# [SOLVED] Can not get Windows 8.1 to recognize a 2nd monitor



## Dark star Balla (Feb 16, 2008)

I've switched monitors, switched inputs from VGA to HDMI to DVI tried various cables and it seems my machine only recognizes the monitor connected via VGA.
Windows 8.1, i7 3770, P8Z77-VLK, Radeon HD6450. Any Ideas, suggesyions would be greatly appreciated.


----------



## spunk.funk (May 13, 2010)

*Re: Can not get Windows 8.1 to recognize a 2nd monitor*

Update your video adapter driver to the lastest 8.1 driver: Desktop


----------



## Dark star Balla (Feb 16, 2008)

*Re: Can not get Windows 8.1 to recognize a 2nd monitor*

Do you mean the "Display Adapter"? It just shows the video card I installed and I've updated it.


----------



## spunk.funk (May 13, 2010)

*Re: Can not get Windows 8.1 to recognize a 2nd monitor*

Did you install the *Catalyst Software Suite*? If so, you would click on the Catalyst Control Pane licon in your Task Bar by the clock or in the Windows Control Panel and go to Dual Monitor configuration.
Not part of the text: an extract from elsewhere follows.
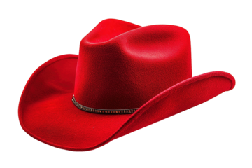 A red cowboy hat with a brown band. ,on transparent background.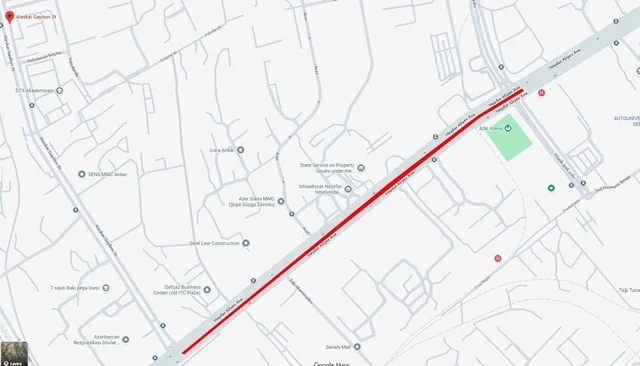 3. основная и второстепенная дороги проспекта Гейдара Алиева (участок между улицами Музаффара Нариманова и Алескера Гаибова, в направлении города).

If your second monitor is not displayed in Catalyst, make sure the input (DVI, HDMI etc) is selected on the controls on the monitor itself.


----------



## Dark star Balla (Feb 16, 2008)

*Re: Can not get Windows 8.1 to recognize a 2nd monitor*

thanks for all of your assistance. O was using vga to dvi connections which worked with my other card but not this. Connected dvi to dvi it recognized it.


----------



## spunk.funk (May 13, 2010)

*Re: Can not get Windows 8.1 to recognize a 2nd monitor*

Glad to see you got it sorted. Please mark this thread Solved in the Thread Tools at the top.


----------